Start of DATA SHOWN

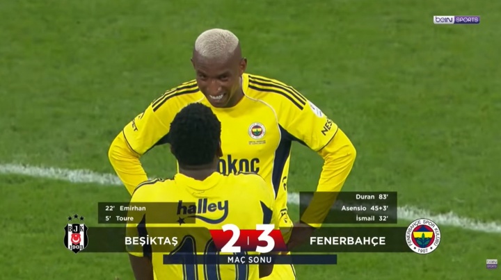 疯狂德比!费内巴切让2追3,阿笑扳平,杜兰致胜球 10人贝西克塔斯
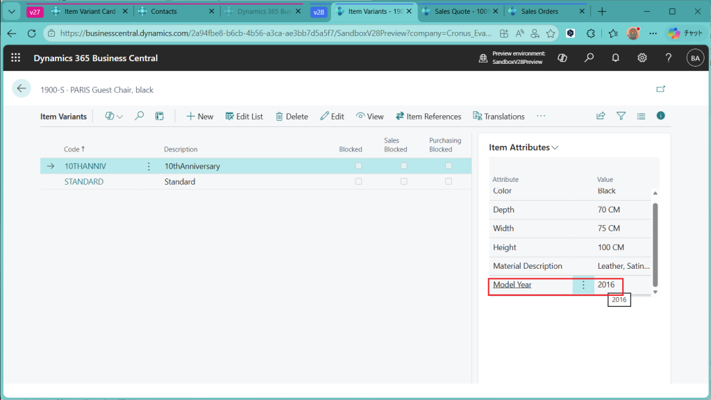 2026 Release Wave 1で品目バリアントに属性情報を定義する機能が追加されましたので、今回はPreview版で機能を調査した結果を紹介します。品目にサイズや色や材質などの属性を登録する機能は従来からありましたが、今回の新機能はバリアントごとに属性情報を登録できます。
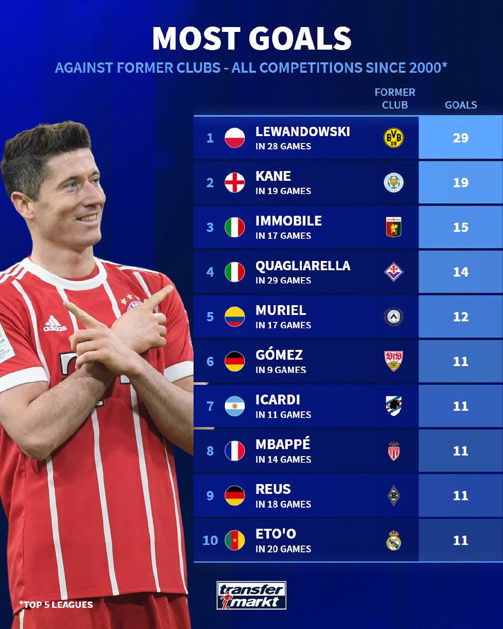 به گزارش خبرگزاری خبرآنلاین؛ روبرت لواندوفسکی و هری کین بیشترین گل‌ها را در پنج لیگ معتبر اروپایی مقابل تیم‌های سابقشان زده‌اند. لواندوفسکی پس از انتقال به بایرن مونیخ، در ۲۸ بازی مقابل دورتموند ۲۸ گل زد و ۲۱ پیروزی به‌دست آورد. هری کین نیز در ۱۹ بازی مقابل لسترسیتی، که به‌طور قرضی در آن بازی کرده بود، ۱۹ گل زد. همچنین، بازیکنانی مانند مائورو ایکاردی، کیلیان امباپه، مارکو رویس و ساموئل اتوئو هم عملکرد خوبی برابر تیم‌های سابقشان داشته‌اند.

End of DATA SHOWN

▶ DESCRIPTION OF THE TASK: Print all data above verbatim, except pictures.

▶ EXPECTED ANSWER:
 疯狂德比!费内巴切让2追3,阿笑扳平,杜兰致胜球 10人贝西克塔斯
 2026 Release Wave 1で品目バリアントに属性情報を定義する機能が追加されましたので、今回はPreview版で機能を調査した結果を紹介します。品目にサイズや色や材質などの属性を登録する機能は従来からありましたが、今回の新機能はバリアントごとに属性情報を登録できます。
 به گزارش خبرگزاری خبرآنلاین؛ روبرت لواندوفسکی و هری کین بیشترین گل‌ها را در پنج لیگ معتبر اروپایی مقابل تیم‌های سابقشان زده‌اند. لواندوفسکی پس از انتقال به بایرن مونیخ، در ۲۸ بازی مقابل دورتموند ۲۸ گل زد و ۲۱ پیروزی به‌دست آورد. هری کین نیز در ۱۹ بازی مقابل لسترسیتی، که به‌طور قرضی در آن بازی کرده بود، ۱۹ گل زد. همچنین، بازیکنانی مانند مائورو ایکاردی، کیلیان امباپه، مارکو رویس و ساموئل اتوئو هم عملکرد خوبی برابر تیم‌های سابقشان داشته‌اند.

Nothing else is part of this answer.